RL course 1 week 1 blog

sezan92 commented 1 year ago

Objective

This issue is to track and work on RL course 1 blog REF: #20

Tasks

[x] Plan a story
[x] Make sure the codes are available
[x] draw rough idea

sezan92 commented 1 year ago

Update 2022/11/01

Story

I am and was an RL enthusiast for a long time. The concept of training an agent based on rewards or punishments only fascinated me from the beginning. So I kept exploring RL methods, and architectures by myself for a bit of time. For example, the blogs of The Game is ON! were the result of my learning RL.
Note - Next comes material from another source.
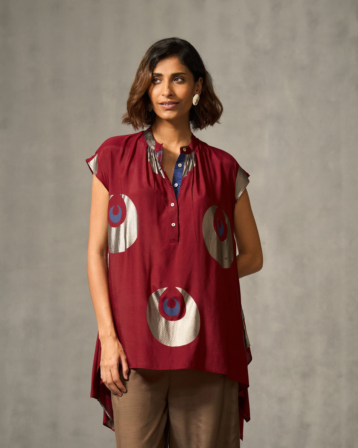 Inspired by our journey to Morocco, the Shukran Asymmetrical Top features a crescent double moon print in navy against a red base. A motif cherished in both Nicobar and Moroccan cultures, the moon symbolises new beginnings and life’s cycles, reflecting renewal and transformation.
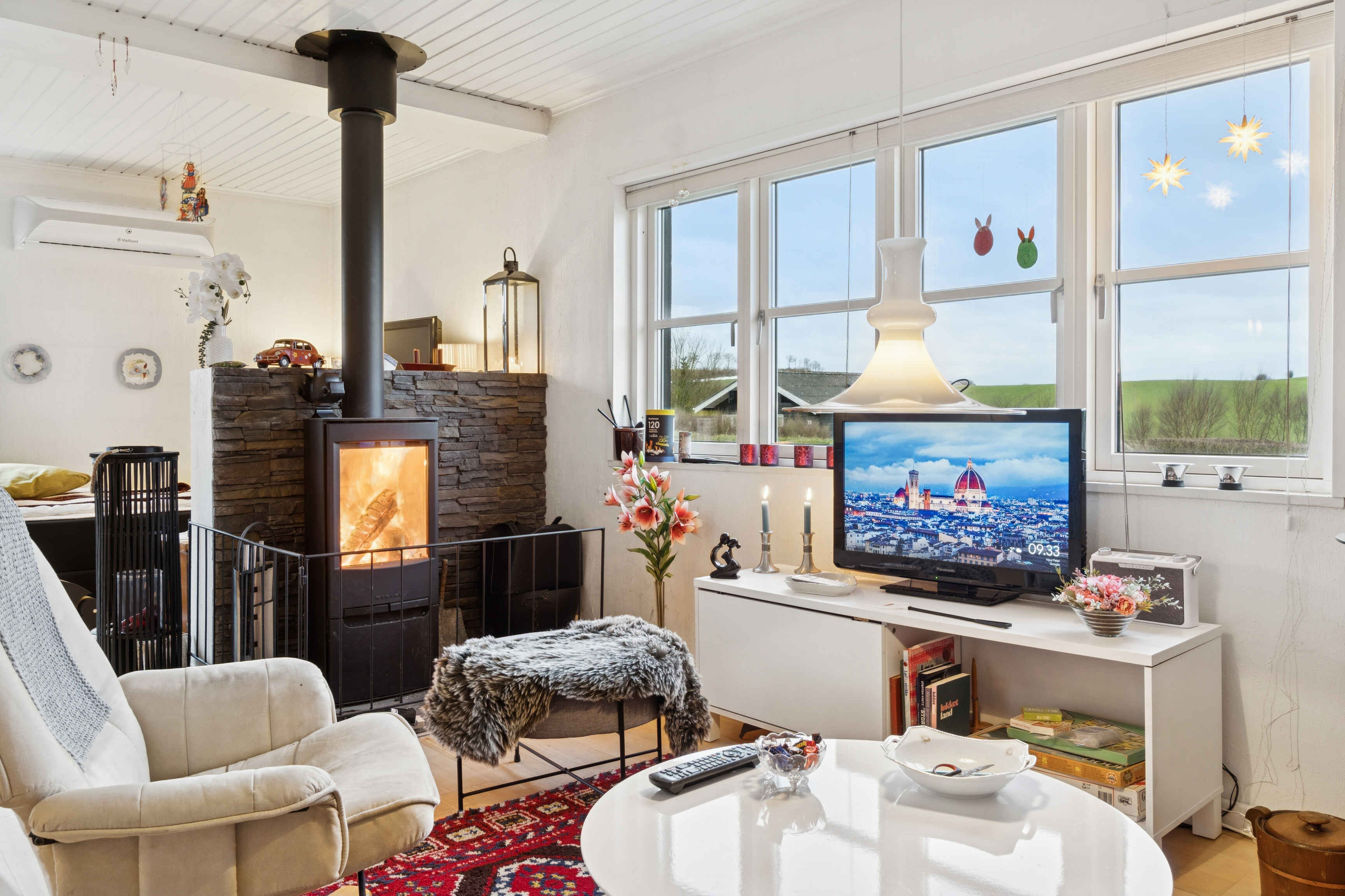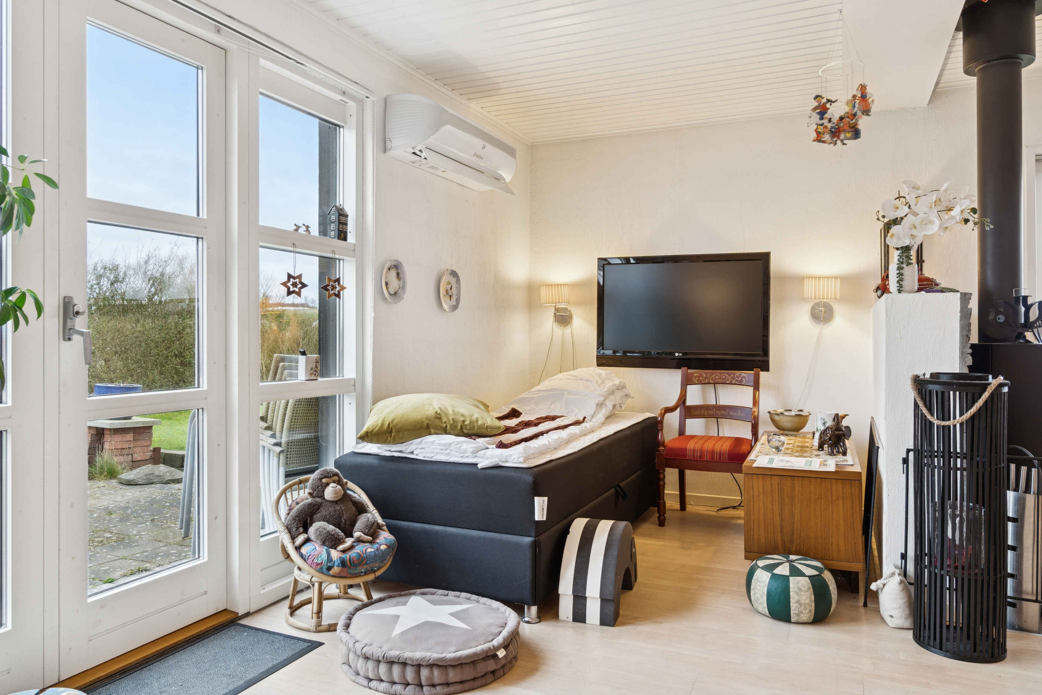 Die Einrichtung ist funktional und einladend. Vom Haus aus genießen Sie den Blick in die Umgebung, und der eingezäunte Garten bietet sichere Rahmenbedingungen für Kinder und Erwachsene.

But there was something missing. I had some issues with basic terminologies in the Reinforcement learning literature. Also some basic algorithms seemed very difficult for me. So I had to step back . I tried to read The famous book by Sutton and Barto. But there were something missing.

Then I got to know about Reinforcement learning Specialization by University of Alberta

Contd

[x] Introduction to the speciailization
[x] Introduction to the course

sezan92 commented 1 year ago

Update 2023/02/15

[x] Started planning on this blog

TODO

[x] Select the contents to add

sezan92 commented 1 year ago

Update 2023/02/16

[x] Selected the contents. Explain the lessons in your own language. use the screenshots
[x] Refer to already available notes
[x] If possible , write the differences with your blog

Week 1

Introduced k-arm bandit problem. It is a simple game with multiple buttons. (screenshot). Each button will give you reward. you need to choose the best button by pressing each button and maximizing the reward. Best similar thing is gambing!! But in our life we may take decisions by trial and error.

TODO Week 1

[x] take necessary screenshots
[x] write down the equations
[ ] explain the equations in simple term

sezan92 commented 1 year ago

Update 2023/02/22

Here the instructor gave example of clinical trial as k-armed bandit

The big idea is that suppose a doctor has 3 patients. he doesnt know the medicine. so he trials 3 medicines for 3 patients. if he sees improvement in health in a patient for a certain medicine , he prescribes with the medicine.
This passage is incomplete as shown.